● **Description of the task**
Please write out the full listing beneath this line exactly, skipping its images.

● **Data segment**
--------------------------------

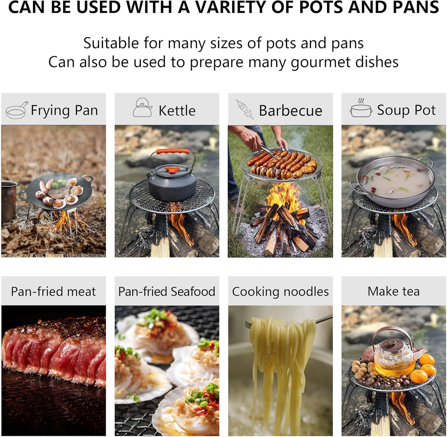 - Instant Setup: Features a tool-free, fold-and-lock mechanism that allows for quick assembly and disassembly in seconds—perfect for rapid setup over campfires or fire pits.
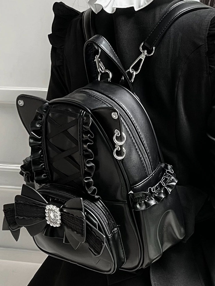 Jirai Kei Black Cat Ear Backpack With Beaded and Rhinestone Bow
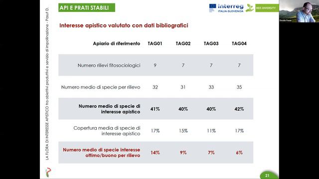 The flora of beekeeping interest between production objectives and pollination service. Relatori: Davide Pasut – Dottore forestale, libero professionista Moderatori: Stefano Bovolenta - Università degli Studi di Udine Antonella Stravisi - Polo Tecnologico Alto Adriatico di Pordenone Il relatore è un esperto di alpicoltura e profondo conoscitore degli ambienti prato-pascolivi montani. E’ consigliere dell'Ordine Dottori Agronomi e Dottori Forestali del Friuli Venezia Giulia, membro del Consiglio Direttivo della Società per lo Studio e la Valorizzazione dei Sistemi Zootecnici Alpini (SoZooAlp) e componente del Comitato Tecnico Scientifico del Parco Regionale della Lessinia. Il seminario si propone di indagare il rapporto tra api domestiche e piante da esse visitate per la raccolta di polline e nettare, anche in relazione ai risultati ottenuti nel progetto BeeDiversity. Non sempre le specie più interessanti per le api sono autoctone ed alcune hanno anche caratteri invasivi, fatto che contrasta con gli obiettivi di conservazione degli ambienti naturali, come quelli delle Aree Natura 2000. Queste considerazioni permettono interessanti riflessioni sulla convivenza tra obiettivi economici e conservazionistici, riportando alla luce tematiche troppo spesso eluse sul rapporto tra agricoltura, allevamento e gestione del patrimonio naturale. Il relatore espone il metodo individuato nell’ambito del progetto BeeDiversity per il monitoraggio della biodiversità vegetale dei prati stabili, che la Regione Friuli Venezia Giulia provvede da tempo a tutelare con la legge regionale n. 9/2005 e i primi risultati che mettono in relazione la presenza di flora di interesse apistico con il polline raccolto dagli apiari sperimentali posizionati nelle aree studio. - The speaker is an expert in mountaineering and profound connoisseur of mountain meadow-pasture environments. He is a director of the Order of Agronomists and Forestry Doctors of Friuli Venezia Giulia, a member of the Board of Directors of the Society for the Study and Enhancement of Alpine Zootechnical Systems (SoZooAlp) and a member of the Technical Scientific Committee of the Lessinia Regional Park. The seminar aims to investigate the relationship between domestic bees and plants they visit for the collection of pollen and nectar, also in relation to the results obtained in the BeeDiversity project. The species most interesting for bees are not always autochthonous and some also have invasive characteristics, a fact that contrasts with the conservation objectives of natural environments, such as those of the Natura 2000 areas. These considerations allow interesting reflections on the coexistence between economic and conservation objectives, bringing to light issues that are too often eluded on the relationship between agriculture, livestock and natural heritage management. The speaker explains the method identified as part of the BeeDiversity project for monitoring the plant biodiversity of stable meadows, which the Friuli Venezia Giulia Region has been protecting with regional law no. 9/2005 and the first results that link the presence of flora of beekeeping interest with the pollen collected from the experimental apiaries located in the study areas.

--------------------------------

● **Worked solution**
 - Instant Setup: Features a tool-free, fold-and-lock mechanism that allows for quick assembly and disassembly in seconds—perfect for rapid setup over campfires or fire pits.
 Jirai Kei Black Cat Ear Backpack With Beaded and Rhinestone Bow
 The flora of beekeeping interest between production objectives and pollination service. Relatori: Davide Pasut – Dottore forestale, libero professionista Moderatori: Stefano Bovolenta - Università degli Studi di Udine Antonella Stravisi - Polo Tecnologico Alto Adriatico di Pordenone Il relatore è un esperto di alpicoltura e profondo conoscitore degli ambienti prato-pascolivi montani. E’ consigliere dell'Ordine Dottori Agronomi e Dottori Forestali del Friuli Venezia Giulia, membro del Consiglio Direttivo della Società per lo Studio e la Valorizzazione dei Sistemi Zootecnici Alpini (SoZooAlp) e componente del Comitato Tecnico Scientifico del Parco Regionale della Lessinia. Il seminario si propone di indagare il rapporto tra api domestiche e piante da esse visitate per la raccolta di polline e nettare, anche in relazione ai risultati ottenuti nel progetto BeeDiversity. Non sempre le specie più interessanti per le api sono autoctone ed alcune hanno anche caratteri invasivi, fatto che contrasta con gli obiettivi di conservazione degli ambienti naturali, come quelli delle Aree Natura 2000. Queste considerazioni permettono interessanti riflessioni sulla convivenza tra obiettivi economici e conservazionistici, riportando alla luce tematiche troppo spesso eluse sul rapporto tra agricoltura, allevamento e gestione del patrimonio naturale. Il relatore espone il metodo individuato nell’ambito del progetto BeeDiversity per il monitoraggio della biodiversità vegetale dei prati stabili, che la Regione Friuli Venezia Giulia provvede da tempo a tutelare con la legge regionale n. 9/2005 e i primi risultati che mettono in relazione la presenza di flora di interesse apistico con il polline raccolto dagli apiari sperimentali posizionati nelle aree studio. - The speaker is an expert in mountaineering and profound connoisseur of mountain meadow-pasture environments. He is a director of the Order of Agronomists and Forestry Doctors of Friuli Venezia Giulia, a member of the Board of Directors of the Society for the Study and Enhancement of Alpine Zootechnical Systems (SoZooAlp) and a member of the Technical Scientific Committee of the Lessinia Regional Park. The seminar aims to investigate the relationship between domestic bees and plants they visit for the collection of pollen and nectar, also in relation to the results obtained in the BeeDiversity project. The species most interesting for bees are not always autochthonous and some also have invasive characteristics, a fact that contrasts with the conservation objectives of natural environments, such as those of the Natura 2000 areas. These considerations allow interesting reflections on the coexistence between economic and conservation objectives, bringing to light issues that are too often eluded on the relationship between agriculture, livestock and natural heritage management. The speaker explains the method identified as part of the BeeDiversity project for monitoring the plant biodiversity of stable meadows, which the Friuli Venezia Giulia Region has been protecting with regional law no. 9/2005 and the first results that link the presence of flora of beekeeping interest with the pollen collected from the experimental apiaries located in the study areas.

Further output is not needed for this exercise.